• **DATA PROVIDED**
· · · · · · ·

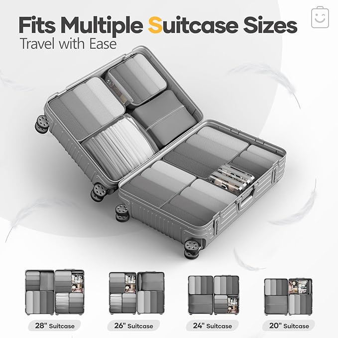 - All-in-One Organization for Your Travel Needs - This 11-piece set includes six compression cubes (S/M*2/L*2/XL) for systematic packing: S for underwear/socks, M for T-shirts and shirts, L for jeans and light sweaters, and XL for coats or bulky items. Also features two PVC toiletry/makeup bags, a machine-washable laundry bag, a shoe bag, and a multi-purpose zippered pouch—keeping your luggage tidy and efficient.
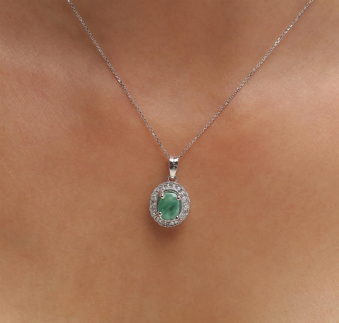 One electronically tested 14KT white gold ladies cast emerald and diamond pendant & chain 16.0" long, cable link with a spring ring clasp with a bright polish finish. Identified with markings of "14K". Condition is new. Containing: One prong set oval modified brilliant cut natural emerald, measuring 8.00 x 6.00 x 3.90mm, approximate weight of 1.07ct., clarity is heavily included, type III, medium, very slightly grayish, green color, (GIA G 5/3), cut is good. Twenty prong set round brilliant cut diamonds, measuring 1.30 - 1.30 x 0.78mm (depth est.) approximate total weight of 20 Stones = 0.16ct. Clarity: SI-1 to SI-2. Color: K - L. Colored gemstones are presumed to have been subjected to commonly used enhancement processes, All diamonds and colored gemstones are graded in the mounting, unless otherwise stated. Total Weight of Colored Stones 1.07ct. Total Weight of Diamonds 0.16ct. Total Weight of Pendant & Chain 3.20 grams. GGL Appraised at $1,890.00.
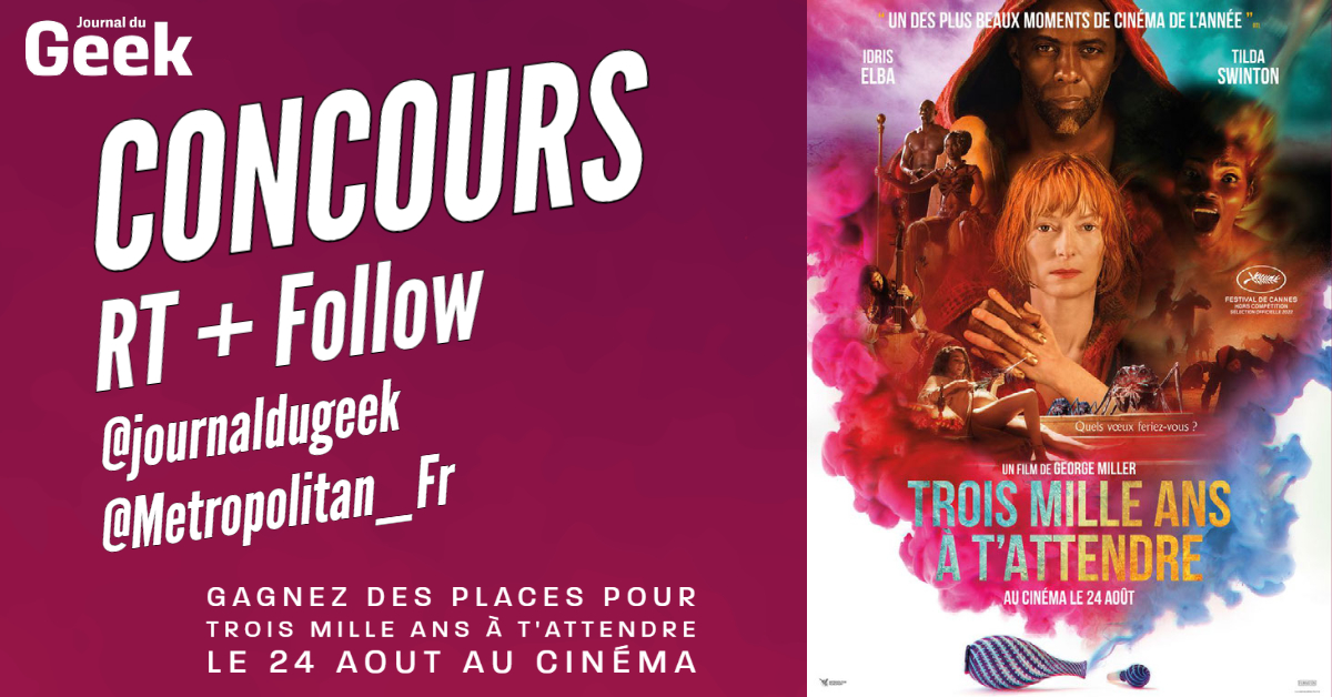 🎁#CONCOURS 🎁 Tentez de gagner des places pour le film #TroisMilleAnsÀTAttendre de George Miller, qui sort au cinéma le 24 août. 👉Pour participer : RT & Follow @journaldugeek + @Metropolitan_Fr 👉La bande-annonce : https://t.co/FKYBBClHD0 🍀Bonne chance à tous !
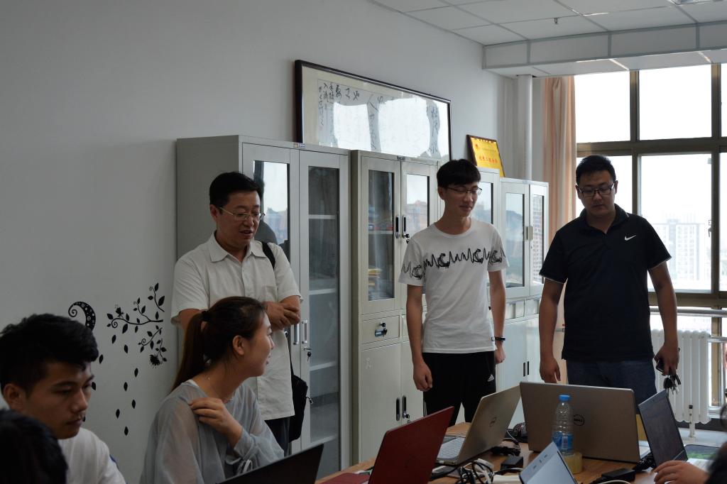最后,领导视察小组一行人来到了文科综合楼1313办公室,走访慰问了镇守我院实践工作大后方根据地的新闻宣传队的队员们。海书记对实践活动开展以来队员们的默默付出表示了充分的肯定和由衷的感谢,在对我院各个队伍暑期社会实践活动开展情况及相关宣传报道工作进行大体了解之后,就我院对内对外相关宣传工作与同学们进行了沟通与交流,他向队员们谈到,院级宣传的窗口一定要敞开,要敢于发声,更要以全新的形式,通过各种新媒体途径进行有力的发声,把商院精神传播出去,把商院形象树立起来。海书记嘱咐队员们要珍惜这次锻炼的机会,不求索取,只求奉献,做出成绩,铺好宣传工作的先路,尽最大努力为学院学子们提供一个更好的发声平台。

· · · · · · ·

• **EXERCISE**
Exactly the lines running from the one with "One electronically tested" through the end of the listing above must be output, both ends included. No pictures belong in the output.

• **SOLVED PROBLEM**
 One electronically tested 14KT white gold ladies cast emerald and diamond pendant & chain 16.0" long, cable link with a spring ring clasp with a bright polish finish. Identified with markings of "14K". Condition is new. Containing: One prong set oval modified brilliant cut natural emerald, measuring 8.00 x 6.00 x 3.90mm, approximate weight of 1.07ct., clarity is heavily included, type III, medium, very slightly grayish, green color, (GIA G 5/3), cut is good. Twenty prong set round brilliant cut diamonds, measuring 1.30 - 1.30 x 0.78mm (depth est.) approximate total weight of 20 Stones = 0.16ct. Clarity: SI-1 to SI-2. Color: K - L. Colored gemstones are presumed to have been subjected to commonly used enhancement processes, All diamonds and colored gemstones are graded in the mounting, unless otherwise stated. Total Weight of Colored Stones 1.07ct. Total Weight of Diamonds 0.16ct. Total Weight of Pendant & Chain 3.20 grams. GGL Appraised at $1,890.00.
 🎁#CONCOURS 🎁 Tentez de gagner des places pour le film #TroisMilleAnsÀTAttendre de George Miller, qui sort au cinéma le 24 août. 👉Pour participer : RT & Follow @journaldugeek + @Metropolitan_Fr 👉La bande-annonce : https://t.co/FKYBBClHD0 🍀Bonne chance à tous !
最后,领导视察小组一行人来到了文科综合楼1313办公室,走访慰问了镇守我院实践工作大后方根据地的新闻宣传队的队员们。海书记对实践活动开展以来队员们的默默付出表示了充分的肯定和由衷的感谢,在对我院各个队伍暑期社会实践活动开展情况及相关宣传报道工作进行大体了解之后,就我院对内对外相关宣传工作与同学们进行了沟通与交流,他向队员们谈到,院级宣传的窗口一定要敞开,要敢于发声,更要以全新的形式,通过各种新媒体途径进行有力的发声,把商院精神传播出去,把商院形象树立起来。海书记嘱咐队员们要珍惜这次锻炼的机会,不求索取,只求奉献,做出成绩,铺好宣传工作的先路,尽最大努力为学院学子们提供一个更好的发声平台。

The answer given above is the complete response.